Guv fails to lead on water, activists say

Environmental groups hammering Gov. John Hickenlooper for his veto of a measure intended to encourage water-rights holders to leave more water in the stream said this spring’s high runoff is no guarantee of another one.

“There is a lot of water in Colorado,” said Sarah Lu of the Clean Water Action Fund, one of the organizations criticizing Hickenlooper for the veto of Senate Bill 23, a measure carried by state Sen. Gail Schwartz, D-Snowmass Village. “But the entire southwest is in a 14-year drought phase.”

That drought, which is driest in Arizona, California and Nevada, all of which depend heavily on the Colorado River, could force a test of the 1922 compact that governs the management of the river, Lu said.

“They have the ability to issue a compact call, meaning they can demand all of their water at one time,” Lu said.

The compact was drafted 14 years before construction of Hoover Dam, which holds back as many as 28 million acre-feet. It calls for Colorado and the upper Colorado River Basin states to deliver 7.5 million acre-feet of water yearly to the lower basin.

Upstream states are discussing contingency plans, which include keeping enough water upstream in Lake Powell to meet compact obligations as well as generate electricity at Glen Canyon Dam.

Lake Mead, however, is shrinking to the point that Las Vegas is tunneling beneath it and planning to draw water from the bottom of the pool.
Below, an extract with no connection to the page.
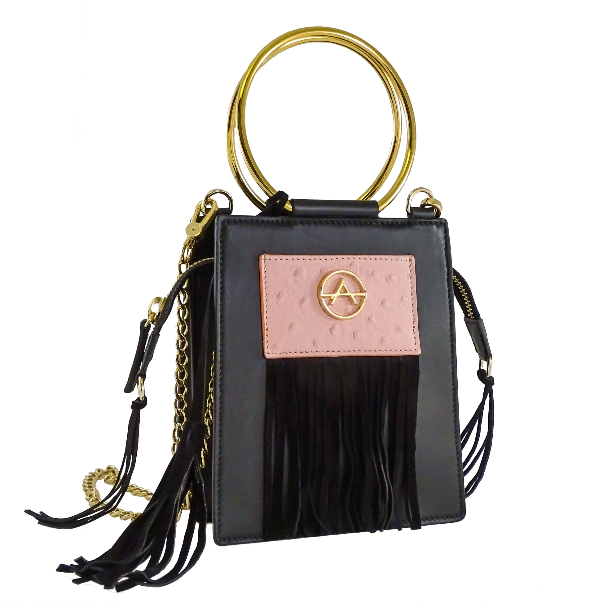 Meet the Nano Frame Bag, a chic miniature take on the iconic Badessa Frame Bag. Designed for the fashion-forward, this mini bag features a striking gold metal ring handle, making it easy to hold with style.

The Colorado upstream is already over-allocated, Lu said, noting that Senate Bill 23 could have alleviated some stress on upstream states because water-rights holders would be encouraged to take out only the water they need, instead of their full rights.
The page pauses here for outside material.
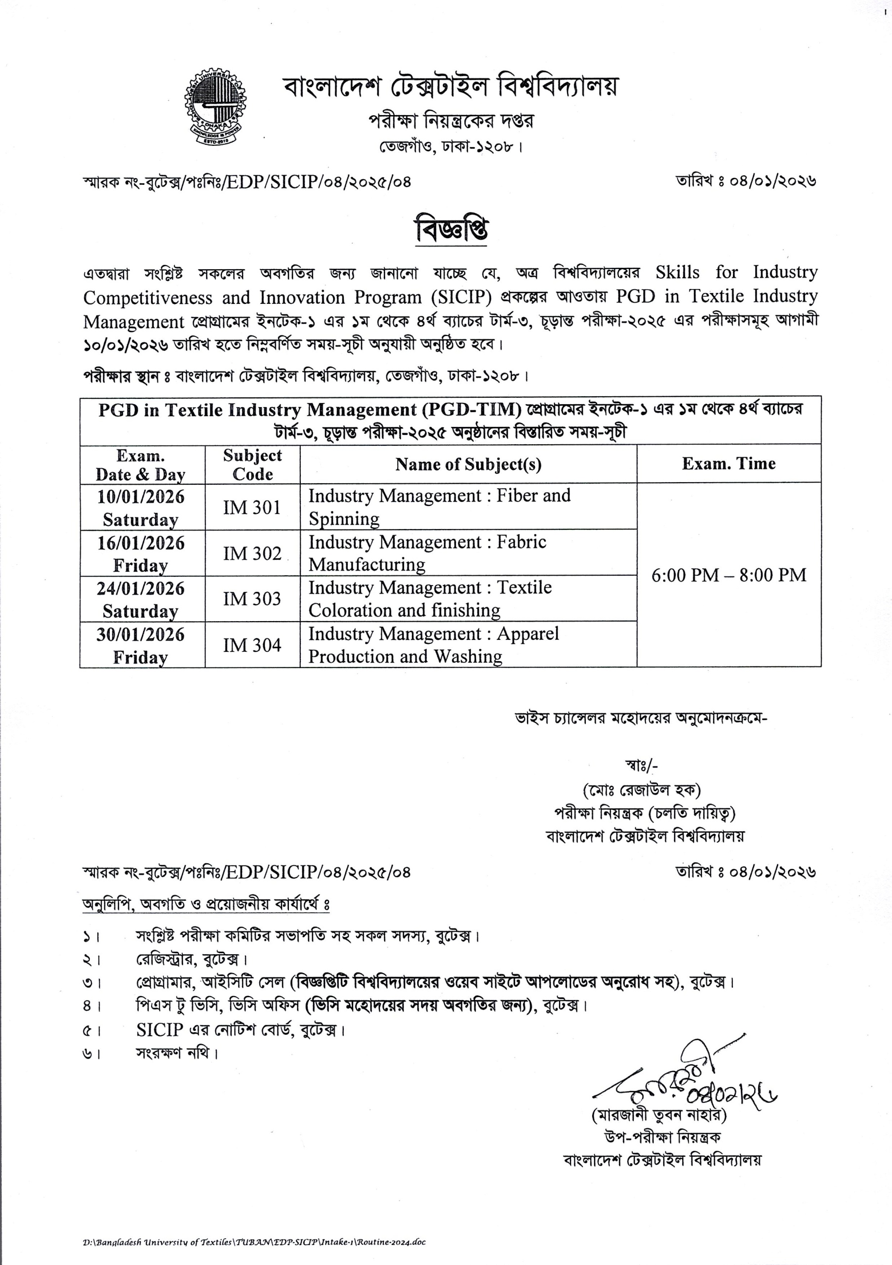 Examination Schedule-2025 of Intake-1 Term-3 PGD in Textile Industry Management

Hickenlooper had appeared to be supportive of the measure until the last minute, Lu said.

“It seems as though all the hoops the governor asked to be maneuvered through were met with this bill,” Lu said, pointing to favorable testimony by the Colorado Water Conservation Board and other agencies. “It’s one of these things where it seems there is a failure of leadership on his part when a few naysayers decide to cry wolf and the governor balks to that.”

Environmental organizations purchased ads critical of Hickenlooper on The Daily Sentinel website, among other measures in what they call Hickenlooper’s “Failure to Lead” campaign.

The Colorado River Water Conservation District was one of those naysayers to which Lu referred. The River District backed away from the measure because of the possibility that other users might be harmed.

The Senate Bill 23 approach won’t be abandoned, said James Eklund, director of the Colorado Water Conservation Board.

“We can have this conversation without polarizing the water community, and part of that requires listening to the concerns of important Western Slope interests on a bill that was geographically limited to the Western Slope,” Eklund wrote. “The bill’s sponsors informed us that this concept would only have been used in a handful of instances. As such, most people understand that this concept cannot remedy the serious drought and challenges we face in the Colorado River.”